▶ **STUDY MATERIAL**:
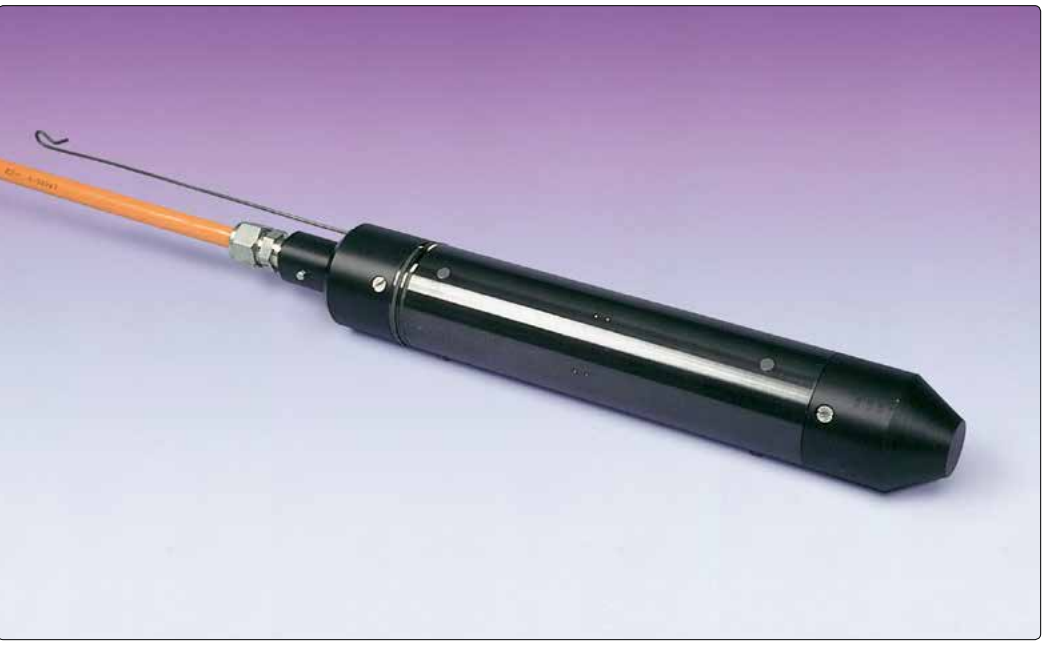
Model 4350 Biaxial Stressmeter.
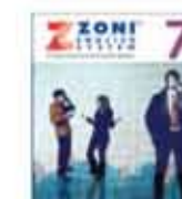
Zoni English System 7
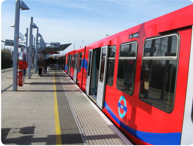
Railway Maintenance Depots

Fibrelite's bespoke lightweight composite trench covers have recently been installed over a service trench at the primary railway maintenance depot for the Docklands Light Railway. These were installed to give quick and easy access to the service trench.
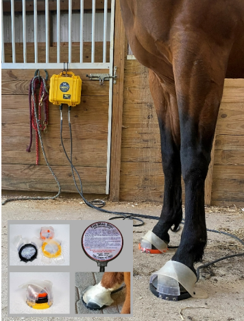
Hoof Pro Bindings - $500.00 Hoof Pro Bundled w/Mag Disc - $1150.00

Optional accessories include Mag Paddle Pro, Mag Discs, Hoof Pro Bindings, White Applicator Wands, HERO Power Bank, OneWrap Velcro Strapping System, Poll Straps, Stall Wall Hanger, HERO Sling Case and more!
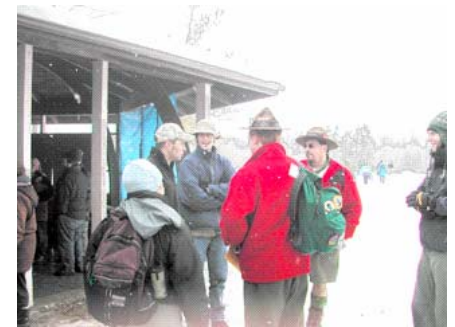
Any last minute questions? OK, get out there and have fun.
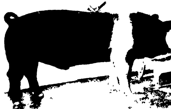
Keystone Res. Grand
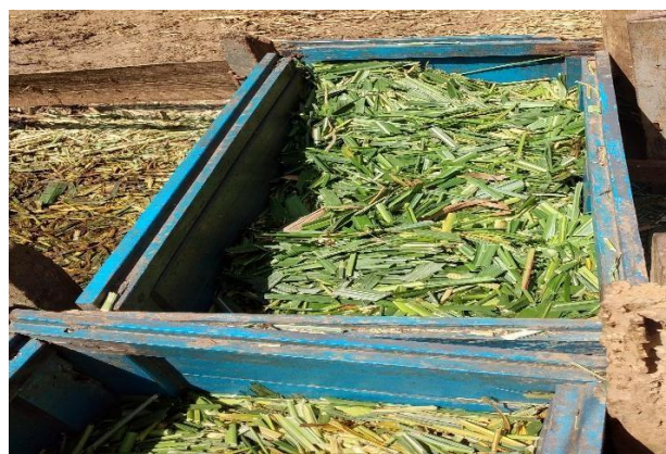
Figure 9: Labour at work digging a hole to Figure 4.10: Chopped grass make silage 5.0 Discussion, Conclusions and Recommendations 5.1 Discussion of Findings

The study findings revealed that over 80% of the smallholder cattle farmers in Mbarara district give their cattle supplementary feeds especially during a dry season when pasture is low in order to increase milk production. A similar study in Southwestern Uganda by Tibeziinda et al. , (2016) had found that only 29% provided supplementary feeds during dry season or conserved the excess pasture produced in the rainy season. Compared to the current findings, it is shown that the percentage of smallholder dairy farmers who adopt supplementary feeding has increased over the last five (5) years. This can be attributed to increased population that puts pressure on land, hence reducing the land available for grazing.
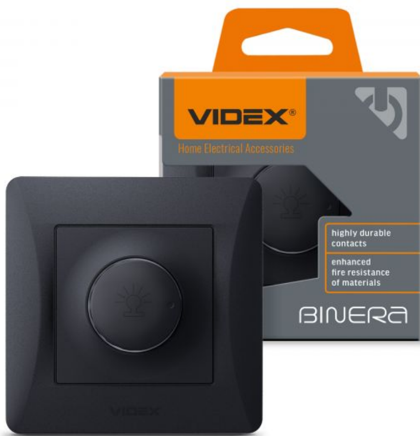
Dimmer 600W black graphite
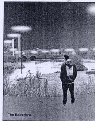
The Belvedere New look: Plans for a river crossing pro architectural practice McDowell and Be

The once-polluted river is returning to its natural state of 200 years ago, he said.
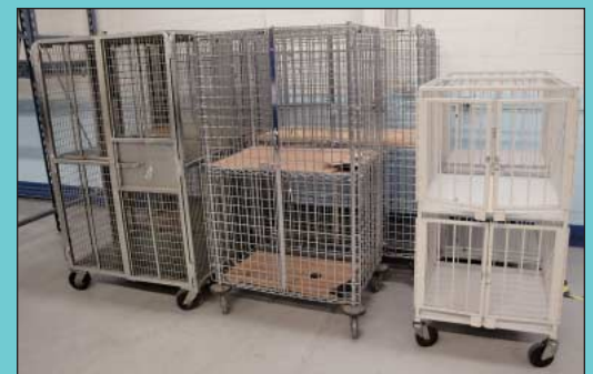
(31) Various Size Steel Wire Cage Carts
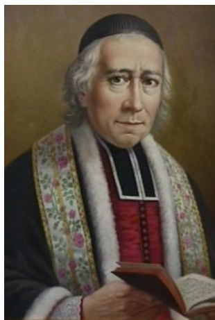
Bl William Joseph Chaminade 1818-1901

Brought up in a large Catholic family, Chaminade was ordained priest in 1785, just before the French Revolution. He refused to take the oath required of priests by the revolution, and had to work secretly. He had to escape to Spain for three years. On return to France
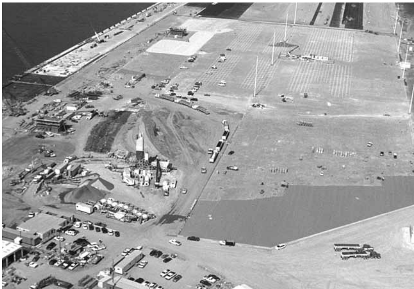
Figure 14. The Port of Oakland, California, is the largest mechanically installed project in the western hemisphere at 4.7 million sf (470,000 m 2 ).

Warning: The content of ICPI Tech Spec technical bulletins is intended for use only as a guideline. It is NOT intended for use or reliance upon as an industry standard, certification or specification. ICPI makes no promises, representations or warranties of any kind, express or implied, as to the content of the Tech Spec Technical Bulletins and disclaims any liability for damages resulting from the use of Tech Spec Technical Bulletins. Professional assistance should be sought with respect to the design, specifications and construction of each project.
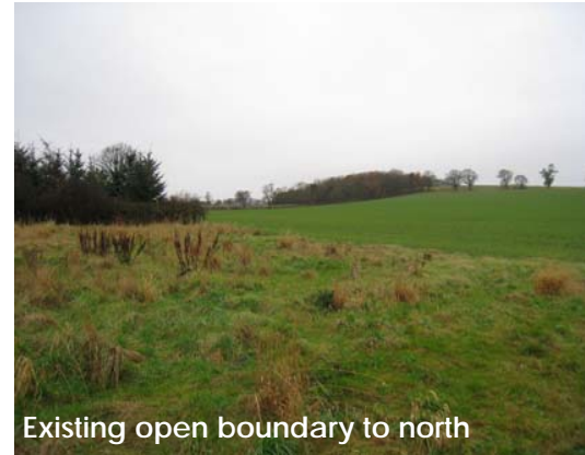
Figure 4—Views from within site.

The northern boundary of the site, which follows the settlement boundary of Eccles in the Local Plan, bounds an arable field. The southern boundaries of the site bound the gardens of the existing properties to the south where a variety of boundary treatments exist, including walls, fences and hedges.
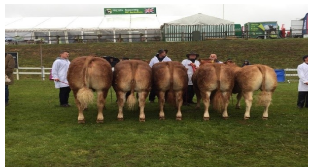
Reserve Champions – Group of 5 – first time at Royal Cornwall for this Class!
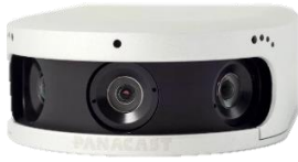
PanaCast® 2 Camera
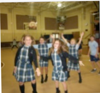
JUMPING JACKS FOR MRS. OBAMA'S CHALLENGE

▶ **EXERCISE INSTRUCTIONS**:
Only the lines above from the one containing "Railway Maintenance Depots" through the one containing "The Belvedere New" should be returned, verbatim and inclusive, with pictures excluded.

▶ **RESPONSE**:
Railway Maintenance Depots

Fibrelite's bespoke lightweight composite trench covers have recently been installed over a service trench at the primary railway maintenance depot for the Docklands Light Railway. These were installed to give quick and easy access to the service trench.
Hoof Pro Bindings - $500.00 Hoof Pro Bundled w/Mag Disc - $1150.00

Optional accessories include Mag Paddle Pro, Mag Discs, Hoof Pro Bindings, White Applicator Wands, HERO Power Bank, OneWrap Velcro Strapping System, Poll Straps, Stall Wall Hanger, HERO Sling Case and more!
Any last minute questions? OK, get out there and have fun.
Keystone Res. Grand
Figure 9: Labour at work digging a hole to Figure 4.10: Chopped grass make silage 5.0 Discussion, Conclusions and Recommendations 5.1 Discussion of Findings

The study findings revealed that over 80% of the smallholder cattle farmers in Mbarara district give their cattle supplementary feeds especially during a dry season when pasture is low in order to increase milk production. A similar study in Southwestern Uganda by Tibeziinda et al. , (2016) had found that only 29% provided supplementary feeds during dry season or conserved the excess pasture produced in the rainy season. Compared to the current findings, it is shown that the percentage of smallholder dairy farmers who adopt supplementary feeding has increased over the last five (5) years. This can be attributed to increased population that puts pressure on land, hence reducing the land available for grazing.
Dimmer 600W black graphite
The Belvedere New look: Plans for a river crossing pro architectural practice McDowell and Be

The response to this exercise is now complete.